Every amateur astronomer wants to own a telescope – and the bigger the better. But for a starting instrument don’t overlook binoculars, which are often cheaper and better value than small telescopes, and will show you many interesting objects.
Other basics for beginning skywatching include a planisphere (a circular star chart with a mask that rotates to show the stars on view at any particular time) and a simple star atlas, though these days many people will be using a computer mapping program such as the free Stellarium or an app on their phone or tablet. Armed with these and a pair of binoculars, you can learn the basic sky sights with little outlay. And the money will not be wasted – the binoculars will always be useful, even if you eventually graduate to a large telescope.
But, let’s face it, many people really want to see details on the planets, closeups of the Moon and galaxies galore. For that you’ll need a telescope. The good news is that if you choose wisely, you can now get an excellent telescope for a reasonable sum. The cheapest that give a good image cost under £50, though these have limitations. You can get one that will perform well for around £200, and a computer-controlled one that will find objects for you for under £300.
There are two main types of telescope: refractors (the spyglass type) which use lenses to collect and focus light; and reflectors, which collect light with a mirror. There are also telescopes combining the two principles, known as catadioptrics, which combine the two principles to create a more compact instrument. To choose the right telescope, you need to know the pros and cons of each type.
The first thing to know is that telescopes are judged not by their magnification or length but their aperture — the diameter of the main lens or mirror. When astronomers refer to a ‘small’ telescope they mean one with a small aperture. The aperture governs how much light the telescope collects – and the more light it collects, the more you can see. So for the best views it’s best to get the largest aperture telescope you can afford. But there are other things to consider, such as portability.
The smallest refractors, of 50 to 70 mm (2 to 3 inches) aperture, will show the Moon’s craters, Saturn’s rings, Jupiter’s cloud belts and its four main satellites, some attractive double stars, and the brighter nebulae and galaxies. The views will not be bright, but with care and in good, dark skies there’s a lot you can see.
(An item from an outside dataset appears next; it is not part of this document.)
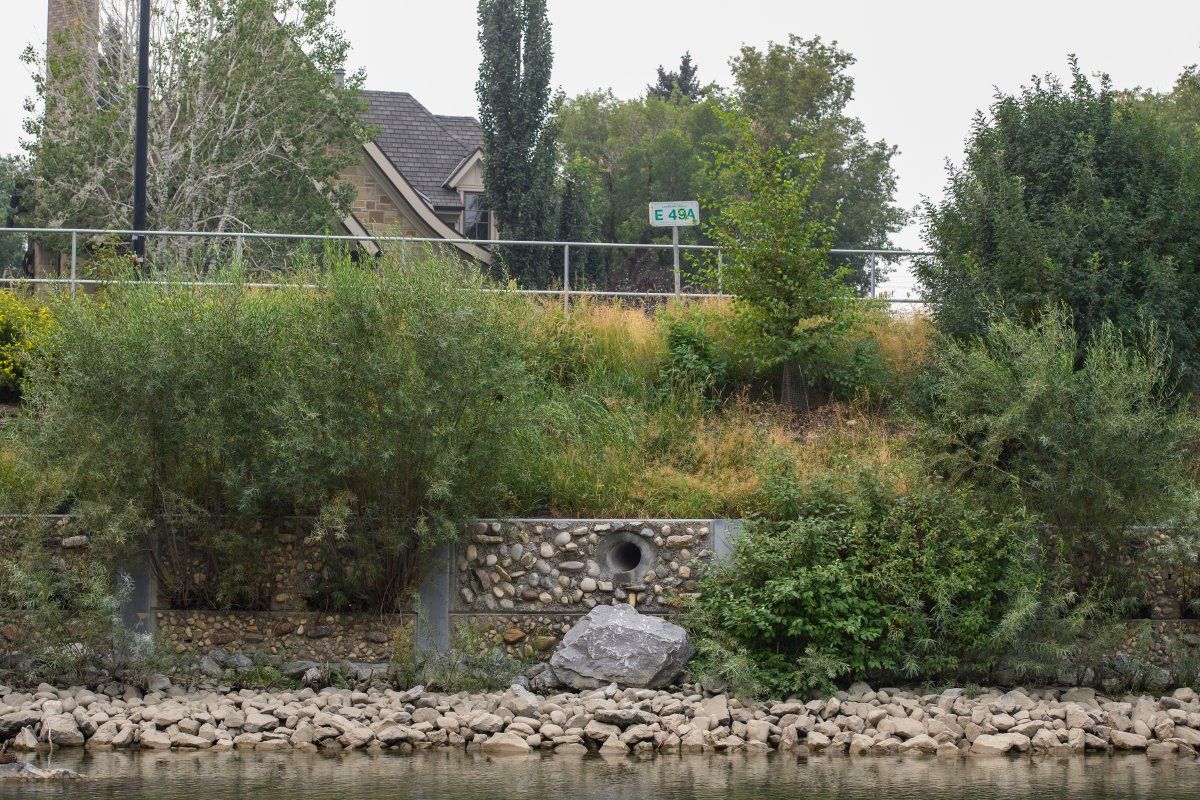 Artist Peter von Tiesenhausen worked collaboratively with engineers, entomologists, and a local concrete manufacturer to create a 100-metre long stabilizing wall along the Elbow River. Rather than create a solid concrete wall, the artist integrated cavities within the design to facilitate the natural growth of vegetation such as trees, lichen, and mosses while providing habitat for birds and insects. The artist hopes that within a few years, the manmade structure will be overtaken with natural elements so the boundary between constructed and nature disappears. 'Meander' will be a living sculpture, changing with the seasons and the animals that make it home.

So they are good starter instruments, though if you think you might want to see just that bit more, it’s better to start with something larger.
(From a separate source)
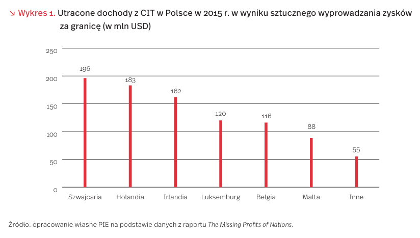 Polska, z powodu sztucznego wyprowadzania zysków do rajów podatkowych, traci 11 proc. dochodów z CIT. Według autorów raportu, jest to około 1 mld USD rocznie, a więc 3-4 mld PLN. Taka kwota pozwoliłaby Polsce na wybudowanie prawie 100 kilometrów autostrad co roku. →Najwięcej zysków wyprowadzanych jest z Polski do Szwajcarii, Holandii, Irlandii i Luksemburga. To o tyle zaskakujące, że oprócz Szwajcarii są to kraje należące do Unii Europejskiej, w ramach której kładzie się coraz większy nacisk na ograniczanie luk podatkowych. 73 proc. sztucznie wyprowadzanych z Polski zysków trafia właśnie do państw UE (część z nich z pewnością jest następnie transferowana do bardziej „tradycyjnych” rajów podatkowych). Z kolei najbardziej znane raje podatkowe, takie jak Bermudy i Karaiby, odpowiadają jedynie za 2 proc. utraconych zysków.

A word of warning. There are some small refractors which are not what they seem, because although they have, say, a 50 mm lens at the front end there is a disc with a hole behind it which cuts the aperture down to around 25 mm, because the lens is just a simple lens rather than the more expensive achromatic variety. So the view is very dim, and of very little use. From the outside, they look impressive, but in practice they are so bad that most people give up on them straight away. You may still find these being sold in toy shops or on the Internet, and even in some prestigious department stores, not necessarily very cheaply.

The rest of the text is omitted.